Python 在scikit learn中将单词列表转换为整数列表_Python_Nlp_Scikit Learn

Python 在scikit learn中将单词列表转换为整数列表

python nlp scikit-learn

Python 在scikit learn中将单词列表转换为整数列表,python,nlp,scikit-learn,Python,Nlp,Scikit Learn,我想在scikit learn中将单词列表转换为整数列表，并对包含单词列表的语料库进行转换。语料库可以是一组句子我可以使用以下方法，但有没有更简单的方法？我怀疑我可能缺少了一些CountVectorizer功能，因为这是自然语言处理中常见的预处理步骤。在这段代码中，我首先安装CountVectorizer，然后我必须迭代每个单词列表中的每个单词以生成整数列表 import sklearn import sklearn.feature_extraction import numpy as np

我想在scikit learn中将单词列表转换为整数列表，并对包含单词列表的语料库进行转换。语料库可以是一组句子

我可以使用以下方法，但有没有更简单的方法？我怀疑我可能缺少了一些CountVectorizer功能，因为这是自然语言处理中常见的预处理步骤。在这段代码中，我首先安装CountVectorizer，然后我必须迭代每个单词列表中的每个单词以生成整数列表

import sklearn
import sklearn.feature_extraction
import numpy as np

def reverse_dictionary(dict):
    '''
    http://stackoverflow.com/questions/483666/python-reverse-inverse-a-mapping
    '''
    return {v: k for k, v in dict.items()}

vectorizer = sklearn.feature_extraction.text.CountVectorizer(min_df=1)
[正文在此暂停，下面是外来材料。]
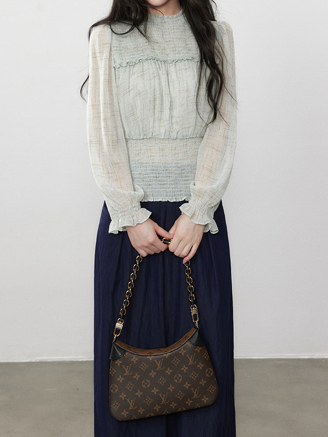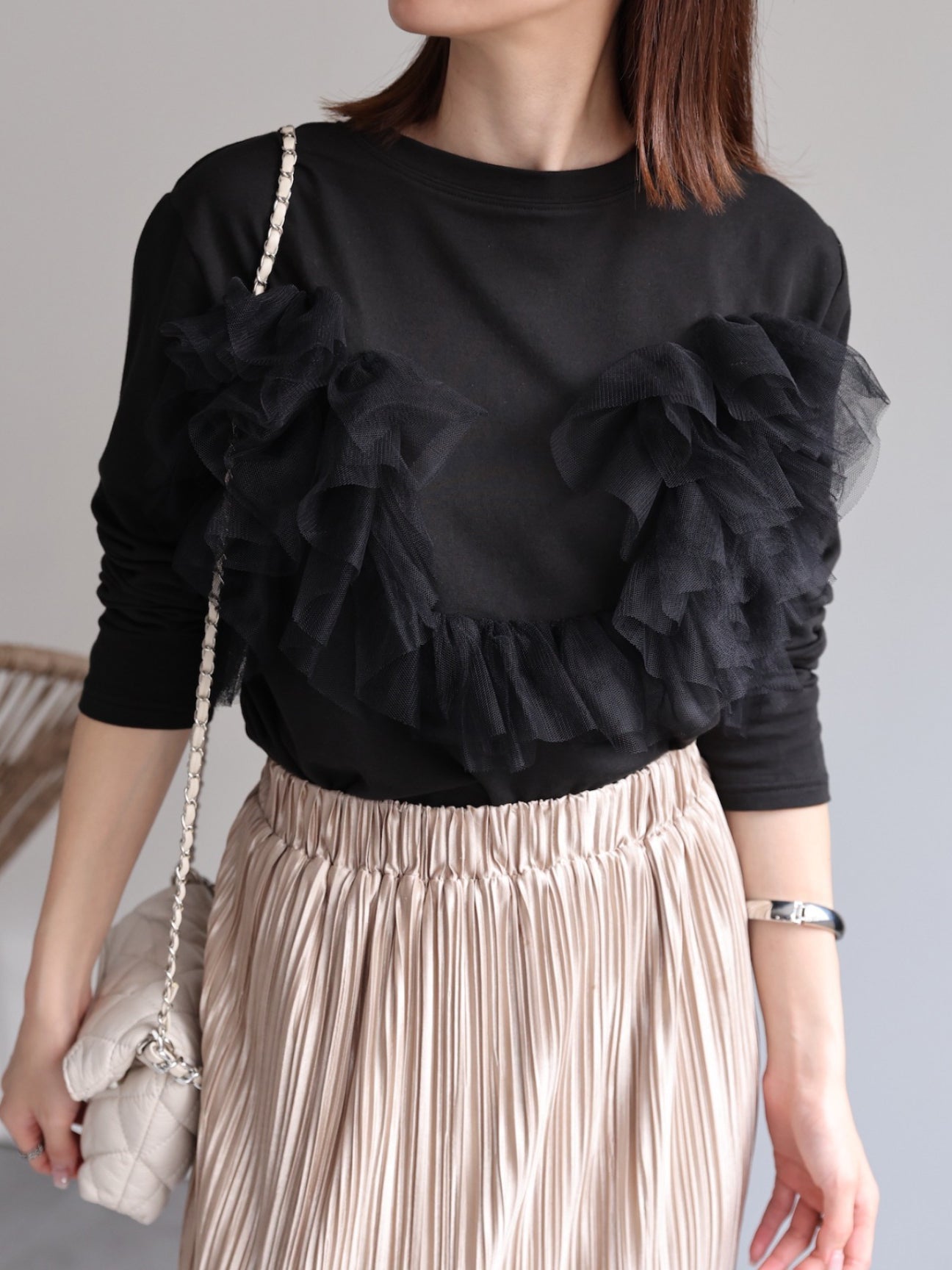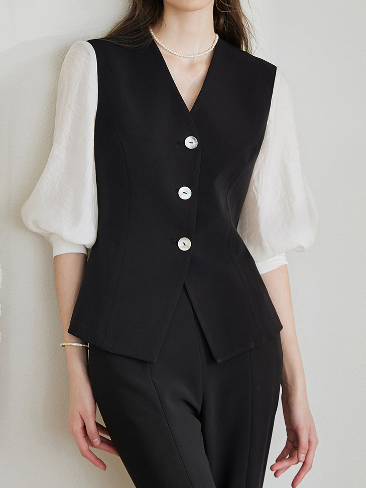 異素材ドッキングバルーンスリーブブラウス 2色入

corpus = ['This is the first document.',
        'This is the second second document.',
        'And the third one.',
        'Is this the first document? This is right.',]

X = vectorizer.fit_transform(corpus).toarray()

tokenizer = vectorizer.build_tokenizer()
output_corpus = []
for line in corpus: 
    line = tokenizer(line.lower())
    output_line = np.empty_like(line, dtype=np.int)
    for token_number, token in np.ndenumerate(line):
        output_line[token_number] = vectorizer.vocabulary_.get(token) 
    output_corpus.append(output_line)
print('output_corpus: {0}'.format(output_corpus))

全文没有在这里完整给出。